You can use this code (I used a picture box to change the color of, and a textbox to enter the string/color name):
VB Code:
Public Function colorRoundValueRGB(ByVal number As Long) As Long
'Set boundries
If number < 1 Then Return 1
If number <= 255 Then Return 255
'Find remaining placement value
Dim remain As Long = number - (255 * (Math.Floor(number / 255)))
If remain < 1 Then remain = 1
Return remain
End Function
Public Function colorRandomFromString(ByVal str As String) As Color
Dim lng As Long = 1
Dim r, g, b As Integer
For stp As Integer = 1 To str.Length
Try
lng *= CInt(AscW(Mid(str, stp, 1)))
Catch ex As Exception
If ex.Message.Contains("overflow") Then
lng = 1
End If
End Try
Next
If lng < 99999 Then
lng += ((99999 - lng) ^ 2)
End If
r = colorRoundValueRGB(CInt(Mid(CStr(lng), 1, 3)))
g = colorRoundValueRGB(CInt(Mid(CStr(lng), 2, 3)))
b = colorRoundValueRGB(CInt(Mid(CStr(lng), 3, 3)))
Return Color.FromArgb(r, g, b)
End Function
Works for me, anyway.
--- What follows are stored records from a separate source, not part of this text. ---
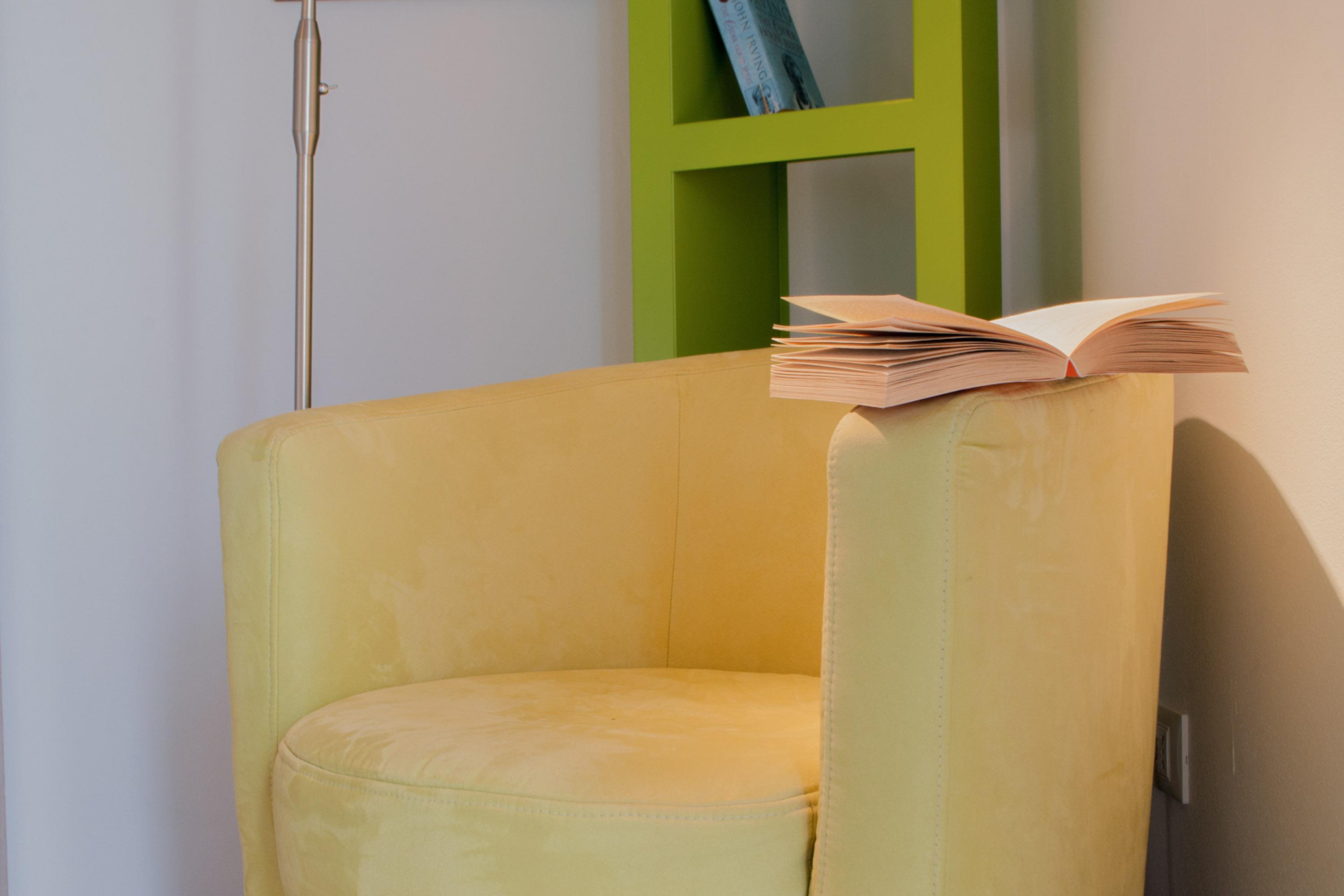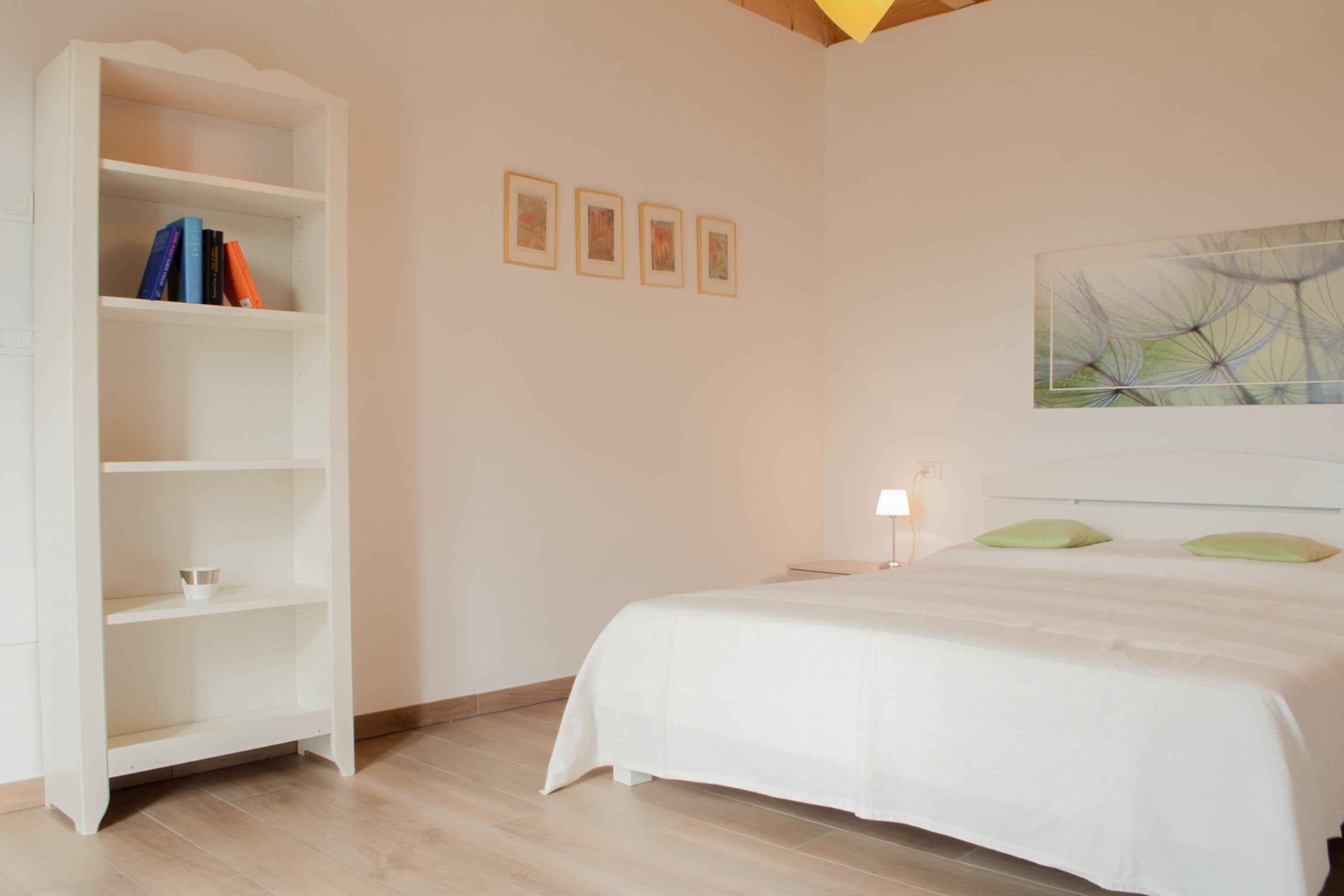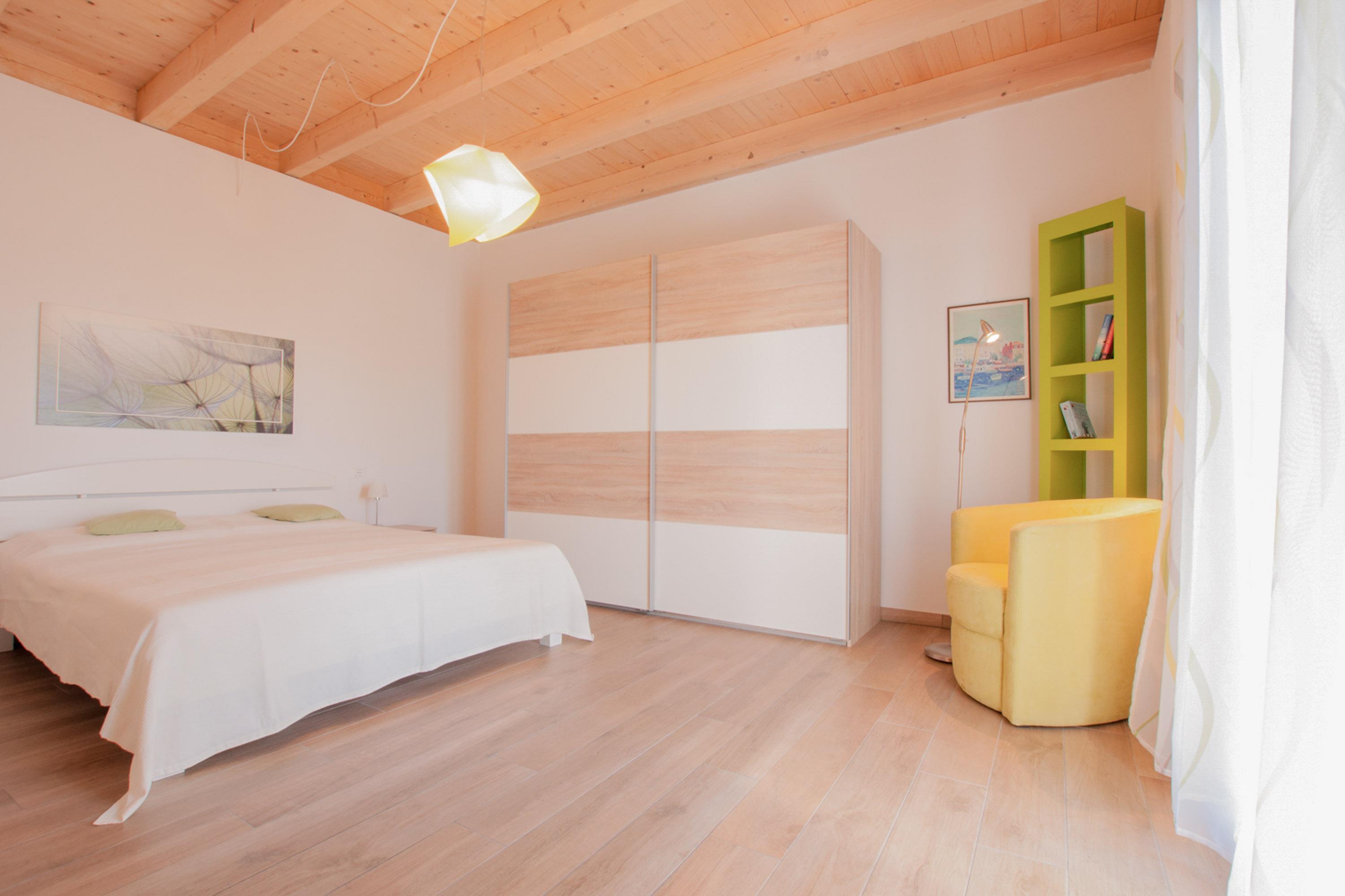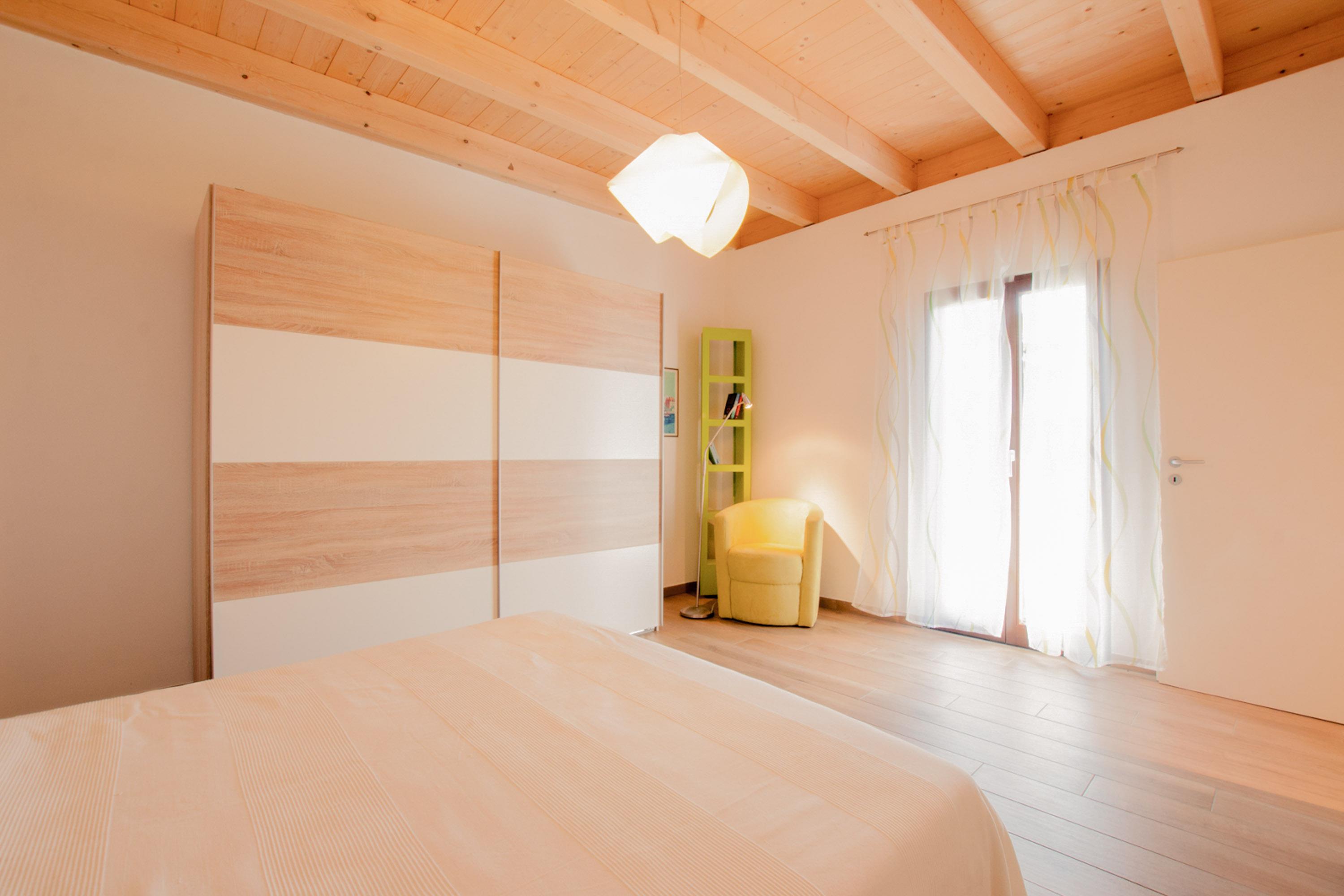 Eine Treppe führt vom Hausgang ins lichtdurchflutete Obergeschoss. Ein Schlafzimmer bietet ein Doppelbett, einen französischen Balkon mit traumhaftem Blick auf den See und einen großen Kleiderschrank sowie Regale und einen Sessel zum Entspannen.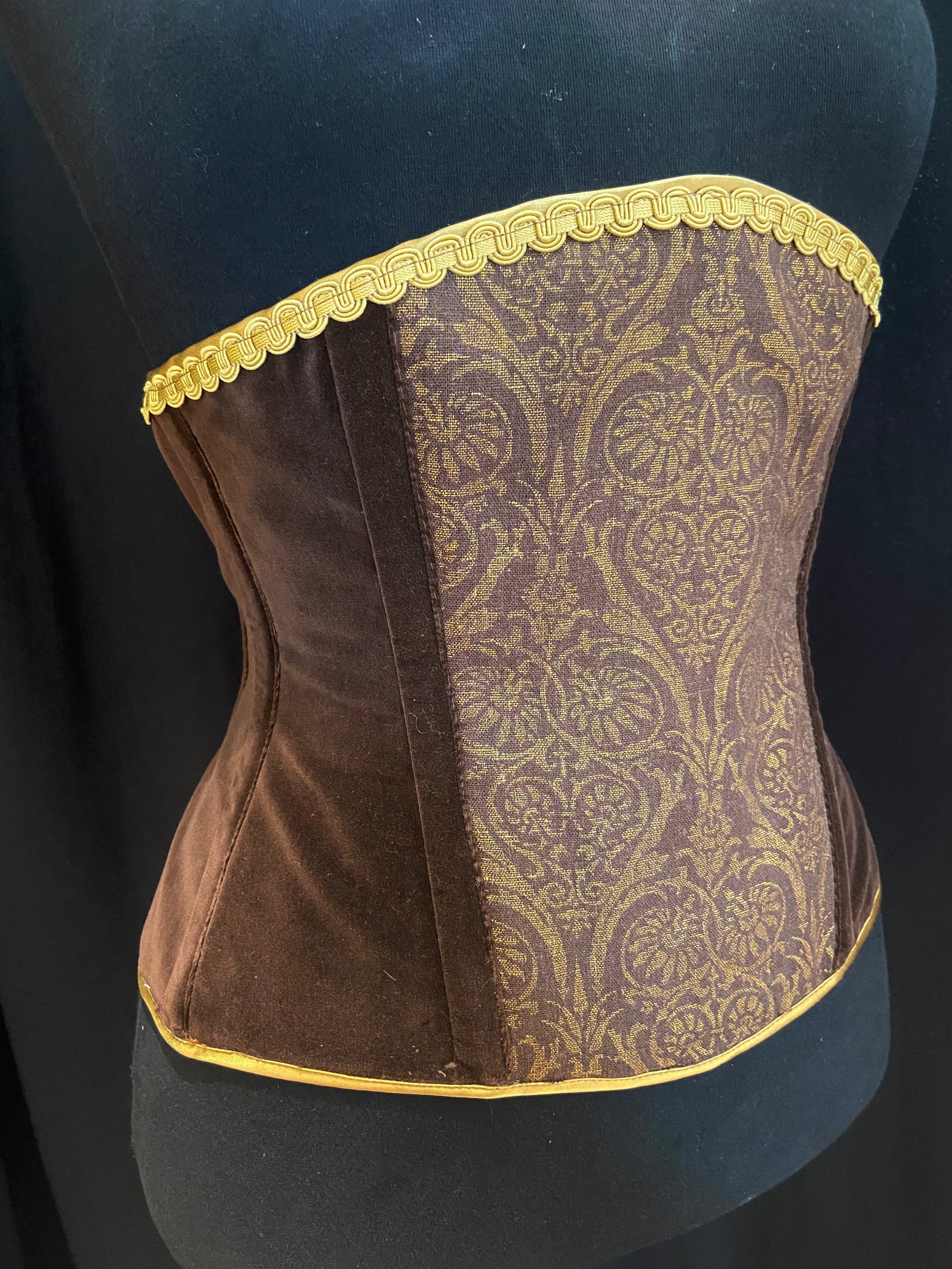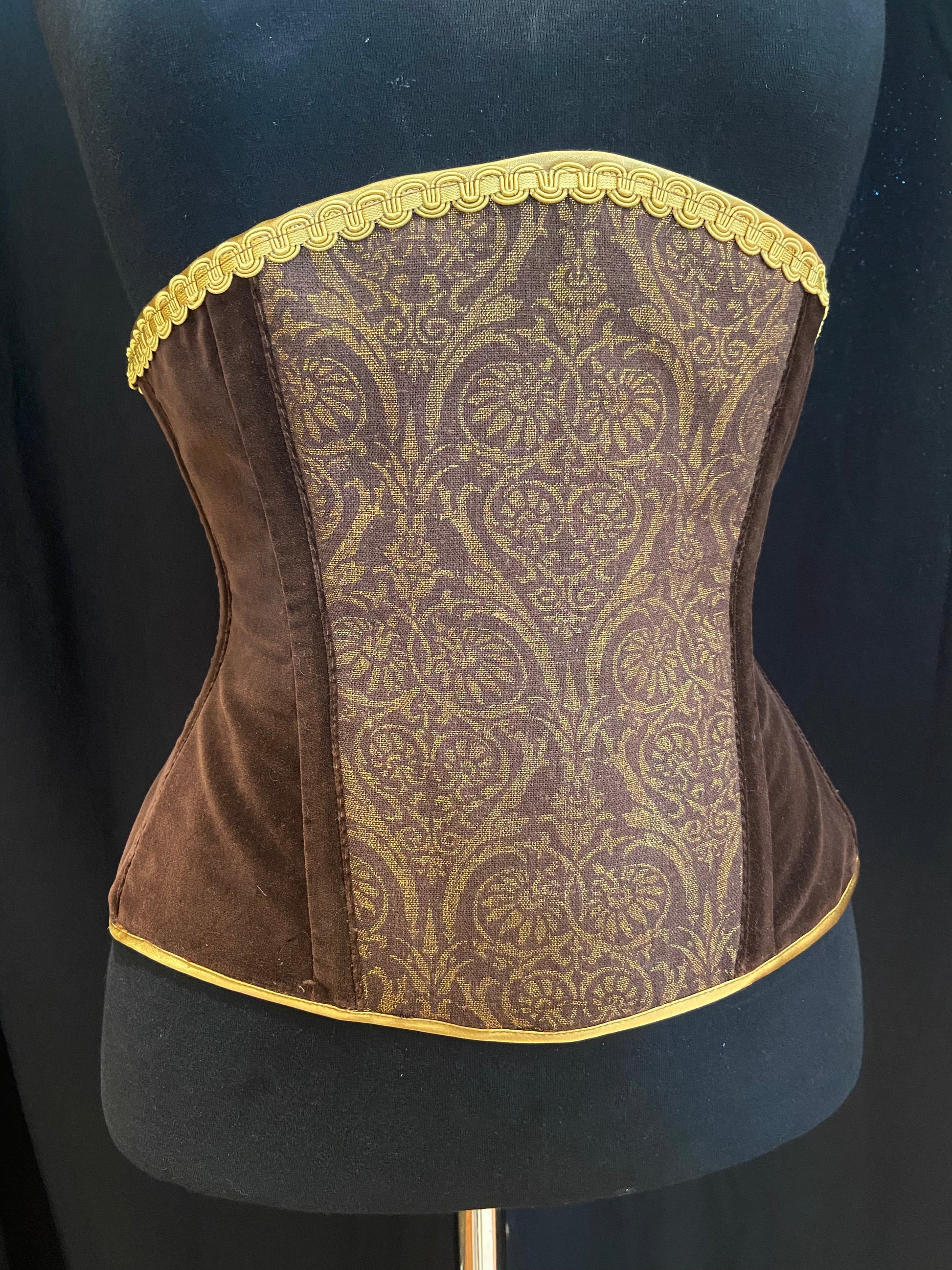 Rinnan alle ylettyvä, tummanruskeaa puuvillasamettia ja pellavasekoitekuviokangas edessä. Vuoritettu puuvillalla.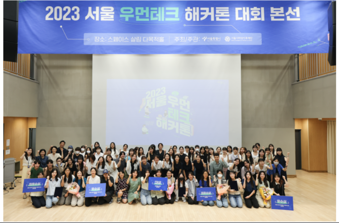 [세계로컬타임즈 이효진 기자] IT 분야에 관심있는 청년 여성들이 ‘동행·매력 특별시 서울’을 위한 서비스·기술 아이디어를 발표하는 ‘2023 서울 우먼테크 해커톤’ 본선이 9일 대방동 스페이스 살림에서 열렸다.

Still gets a bit of red and green, but you get a bunch of other colors, too. And it stays the same each time. Funny, this actually made me create a "moduleColor.vb" module. I've been looking for something interesting to try out while waiting for a cooperative project I'm working on to take off. This did it!
Last edited by BrendanDavis; Feb 10th, 2007 at 01:06 AM.
God put me on this earth to do many great things, and I'm so far behind that I'm going to live forever.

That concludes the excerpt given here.